Brattleboro Common Sense
COMMENTARY ON THE DECLARATION
This declaration places a heavy emphasis on compassion and extolls the unity of the American people for the sake of climate rescue. But this is not a declaration only for leftists and liberals: it adopts the aggressive rhetoric that many prominent people are promoting recently. Several unique clauses concern precedent in earlier Brattleboro resolutions, loss of foresight and thrift contributing to the crisis, moderation in reliance on technology, compassion for youth and the peoples of the world who are suffering most, and a practical legal method of testing emergency proposals of the people. More than a list of disjointed “whereas” clauses, the declaration succeeds in being a readable, profound and inspiring document.
This point cannot be made too strongly. Things HAVE already risen to the level of a devastating military attack. Forced migrations are causing starvation and armed conflict. People on the front lines of this war in south Asia and south Africa are dying — thousands daily / hourly ? The war is not rhetorical exaggeration. It is real. It is only by white privilege that we have the luxury of debating whether to call this a war or not.
The declaration that will unite the American people is not written only for liberals and climate activists. Climate change is an issue of public health, but by Donald Trump’s divisive politics and other accidents of our political system it has become a false political divide. One side seems to own the issue and frame the discussion, and scornful toward people who might be aligned with Trump: Republicans, soldiers, church-goers, climate skeptics.

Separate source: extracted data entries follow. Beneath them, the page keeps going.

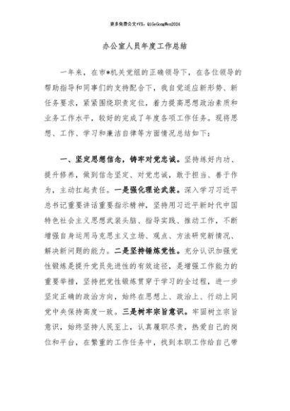/ 【七哥公文】2024年:办公室人员年度工作总结+更多免费公文+VX:QiGeGongWen2024
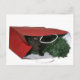 Black smoke kitty inside a red Christmas bag photo card. The cat could be someone's Christmas gift or just into someone's Christmas gift photo Christmas postcard
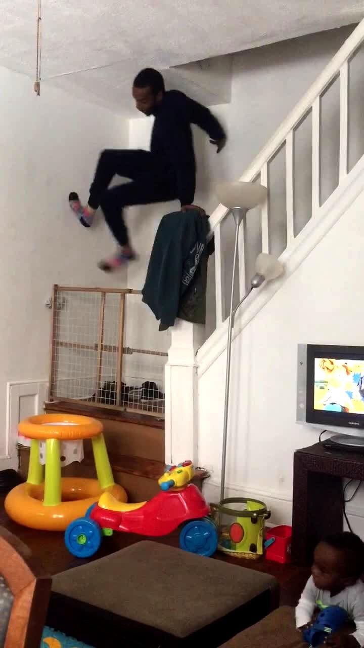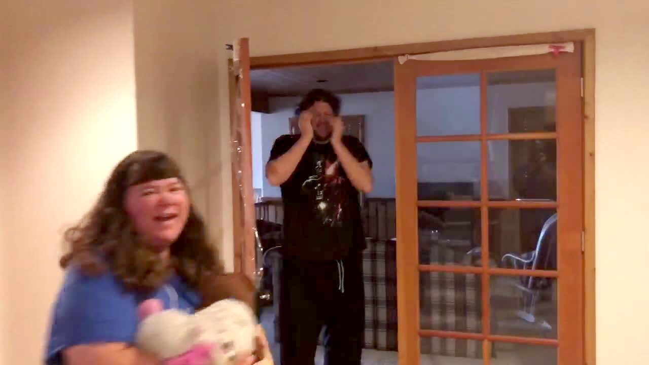 A young man walks through a doorway and his face hits a thin wall of saran wrap.
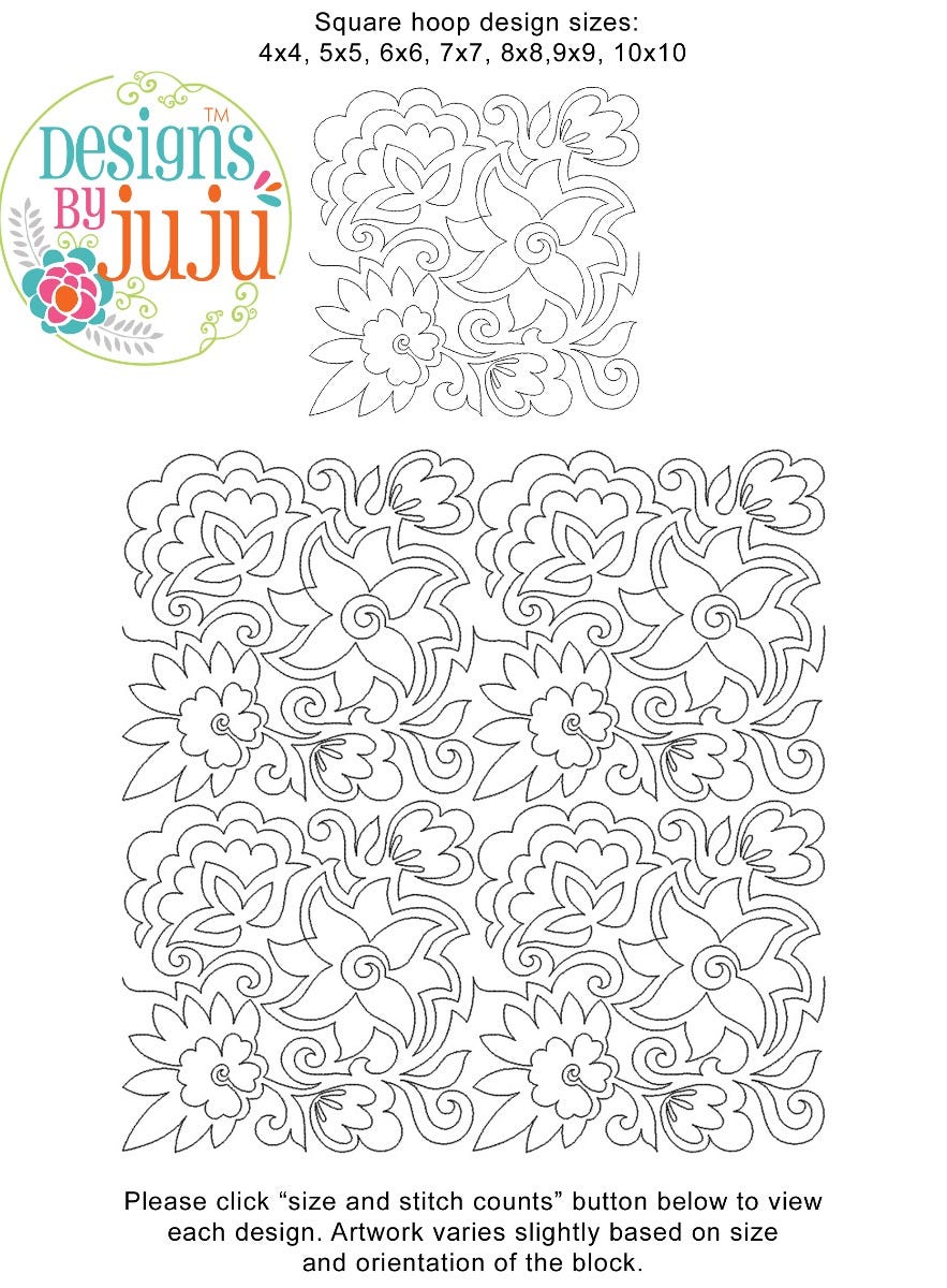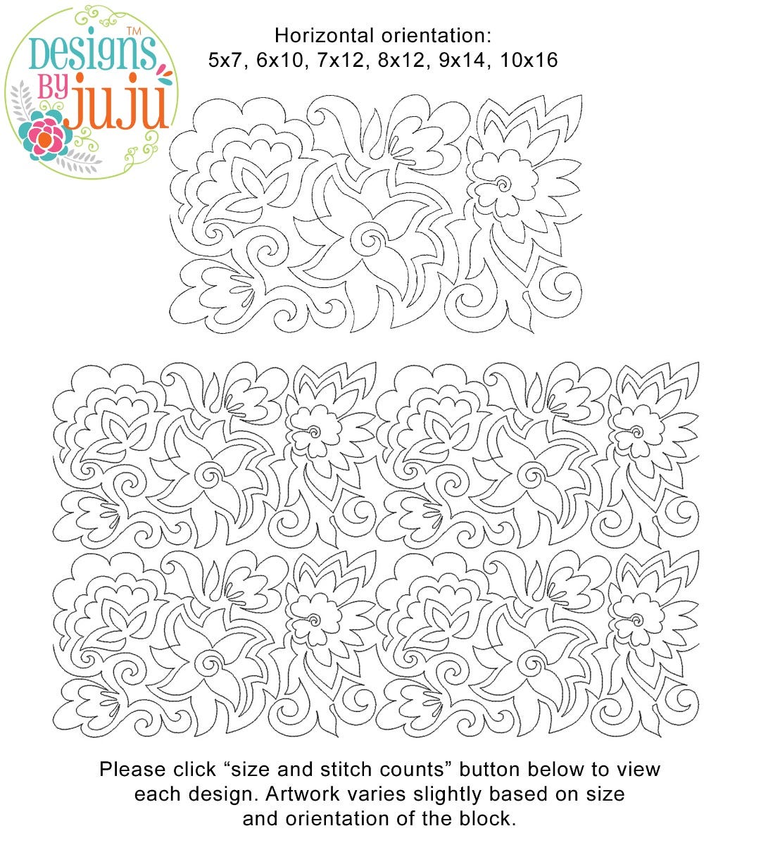 Please note: Both the scale of each pattern and arrangement of the motifs may vary based on the hoop size. Please click the "Size and Stitch Count" button to view the artwork for each size.
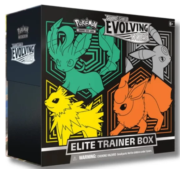 A Pokémon TCG Evolving Skies Elite Trainer Box az egyik legkeresettebb Sword & Shield korszakbeli szett, amely az Eeveelution Pokémonokra és a Dragon típusokra épül.

That’s a fourth or a third of the entire country. These people don’t want to be on the defensive toward other people or toward climate change, and they hesitate to join. The references to military training are respectful to them. Any people with military training or loved ones in the military especially want a team that takes a fighting stance. So, the strongest possible language is right. It’s right for our efforts requiring any and all necessary means.

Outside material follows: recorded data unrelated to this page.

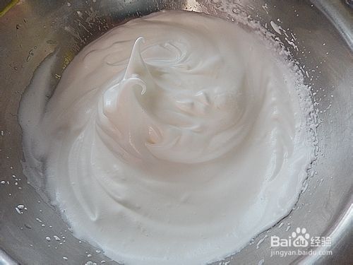 第三次蛋白打发至粗纹状,加入最后20克糖。
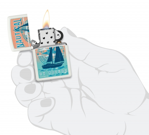 這款航海白色霧面打火機採用寧靜的彩色圖像設計,
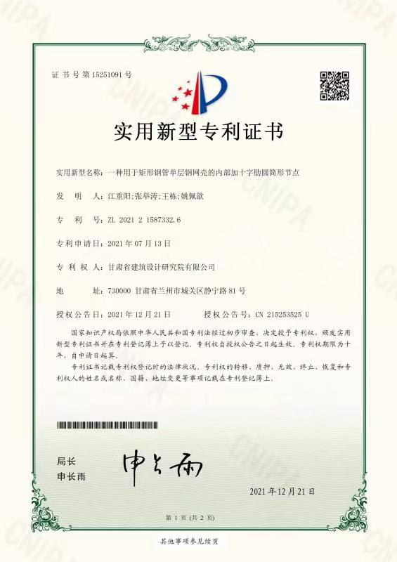 近日,從國(guó)家知識(shí)產(chǎn)權(quán)局傳來好消息,由建筑設(shè)計(jì)院總工程師張舉濤、設(shè)計(jì)四所總工程師江重陽、設(shè)計(jì)五院總工程師王棟、設(shè)計(jì)四所工程師姚佩歆聯(lián)合申報(bào)的“一種用于矩形鋼管單層鋼網(wǎng)殼的內(nèi)部加十字肋圓筒形節(jié)點(diǎn)”技術(shù),喜獲國(guó)家實(shí)用新型專利。

Proponents of this declaration realize that rescue will not come from technology or government, but first from the unity of the people, their unity within themselves, and with others, and that efforts connecting people through their hearts are essential to bring people into that unity. Consider the clause “For unity’s sake let no one scorn those who deny the crisis, since their inaction has been no worse than ours who believe it”. Some people say they don’t “believe” in climate change: they know it as a fact. But no one knows the Big Bang as a fact, or continental drift or the orbits of electrons. No one has direct experience of such things. What we have is faith: faith that scientists have proved certain facts, and we have faith that scientists have proved climate change. So, our belief in climate change is also founded in faith, and so, we are not rationally superior to climate skeptics (deniers), whose faith stands elsewhere. The idea here is to put us all on equal footing, to allow for climate skeptics, and military men and women to be respected and included. Climate rescue will not be achieved like many political targets by a majority vote. It will be an enormous challenge requiring complete unity, like a team of acrobats crossing the high wire on a bicycle. If one member doesn’t like it, it won’t happen. Unity is our only chance.